■ **Dataset content**
- Opening Delimiter -
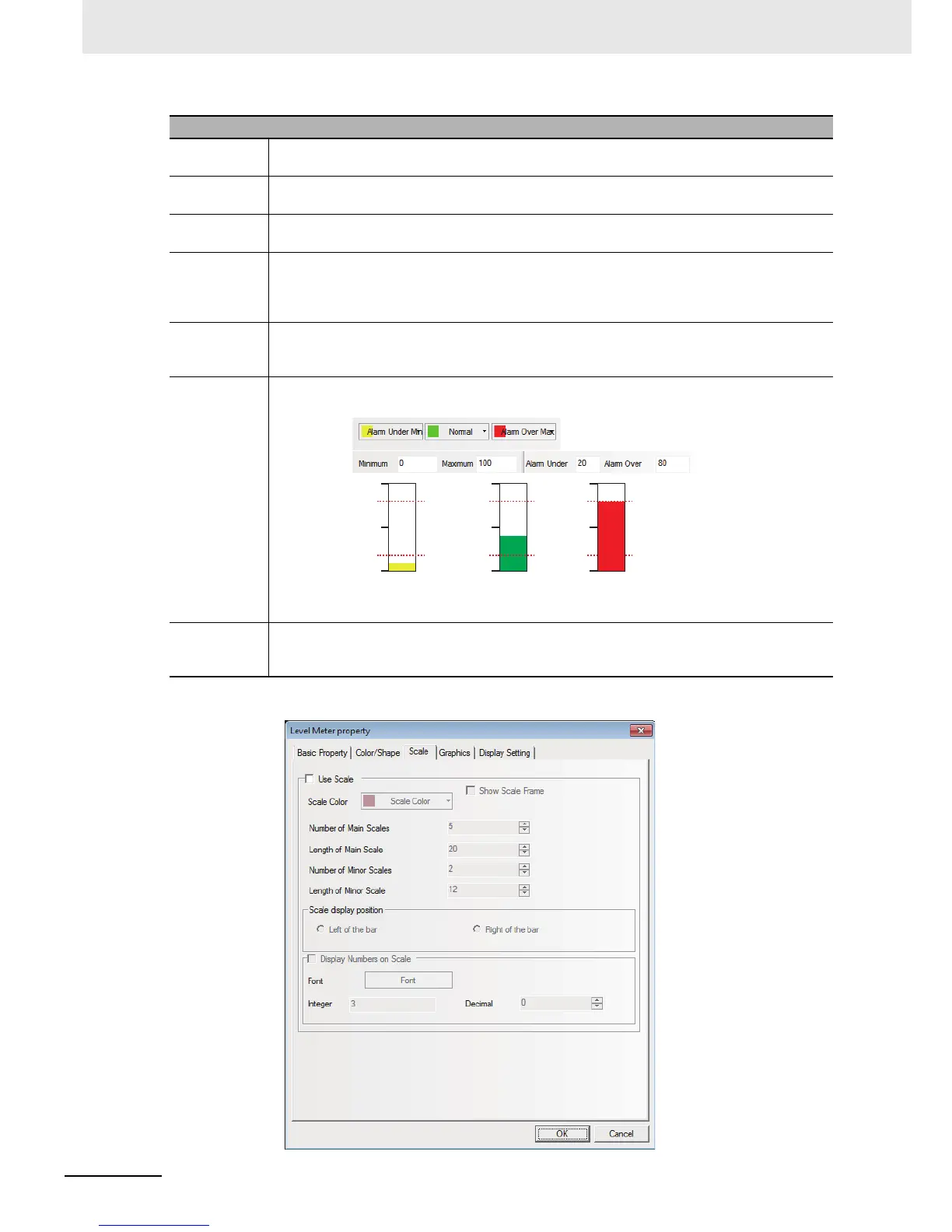 When the value of the specified memory falls below the set Alarm Lower, the filled area of the
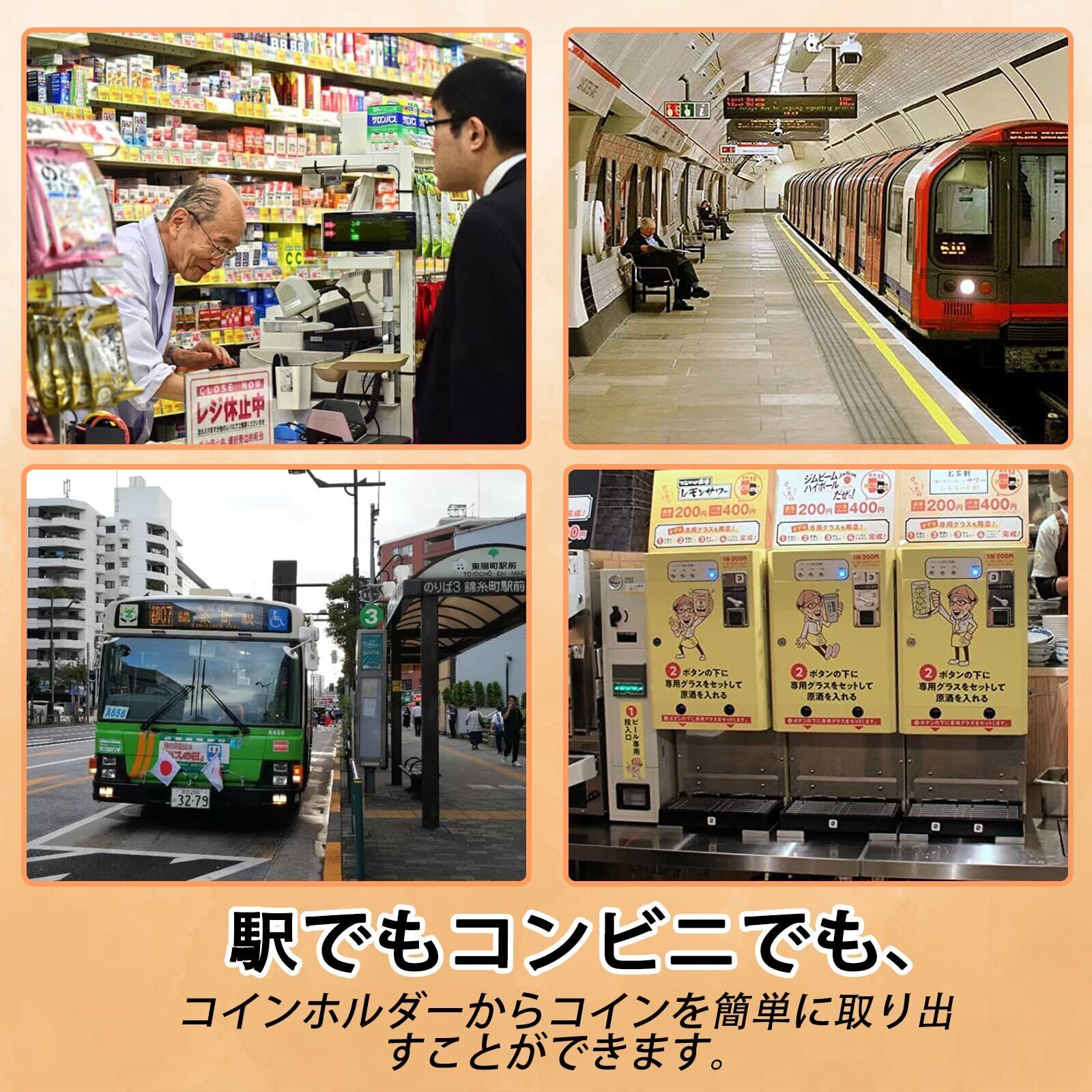 ◎財布代わりにもなるスリムでおしゃれなコインキャッチャー◎ 片手で小銭を取り出せるのが便利な、コンパクトサイズのコインホルダーです。 特殊なコインストッパーが付けられていて小銭の飛び出しをしっかりと防いでくれるので、バッグの中から取り出すときも小銭が落下することはありません。 1円玉から500円玉まで6種類の小銭を収納できるため、大人だけでなくお金を持ち始めた小さな子供にもおすすめです。
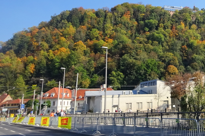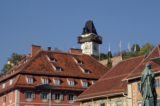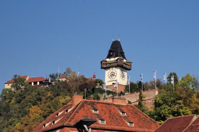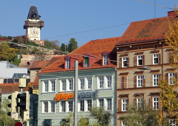 Bald geht es über die Keplerbrücke, wo der Sprecher von Antenne Steiermark dank der Musikbegleitung viel Lärm erzeugt, der Gehalt seiner Ansagen aber unreflektiert dargeboten wird, wenn er schreit: „Superleistungen, Weltklassezeiten, phantastisch…“ Ich blicke auf den 123 m hohen Grazer Schlossberg hinauf, den Uhrturm kann man auf der Hinterseite nicht sehen. Ein Foto mache ich trotzdem – das Wetter ist einfach herrlich.
- Closing Delimiter -
■ **Requirement**
What you return must match the material above exactly, apart from its pictures.

■ **Exercise response**
 When the value of the specified memory falls below the set Alarm Lower, the filled area of the
 ◎財布代わりにもなるスリムでおしゃれなコインキャッチャー◎ 片手で小銭を取り出せるのが便利な、コンパクトサイズのコインホルダーです。 特殊なコインストッパーが付けられていて小銭の飛び出しをしっかりと防いでくれるので、バッグの中から取り出すときも小銭が落下することはありません。 1円玉から500円玉まで6種類の小銭を収納できるため、大人だけでなくお金を持ち始めた小さな子供にもおすすめです。
 Bald geht es über die Keplerbrücke, wo der Sprecher von Antenne Steiermark dank der Musikbegleitung viel Lärm erzeugt, der Gehalt seiner Ansagen aber unreflektiert dargeboten wird, wenn er schreit: „Superleistungen, Weltklassezeiten, phantastisch…“ Ich blicke auf den 123 m hohen Grazer Schlossberg hinauf, den Uhrturm kann man auf der Hinterseite nicht sehen. Ein Foto mache ich trotzdem – das Wetter ist einfach herrlich.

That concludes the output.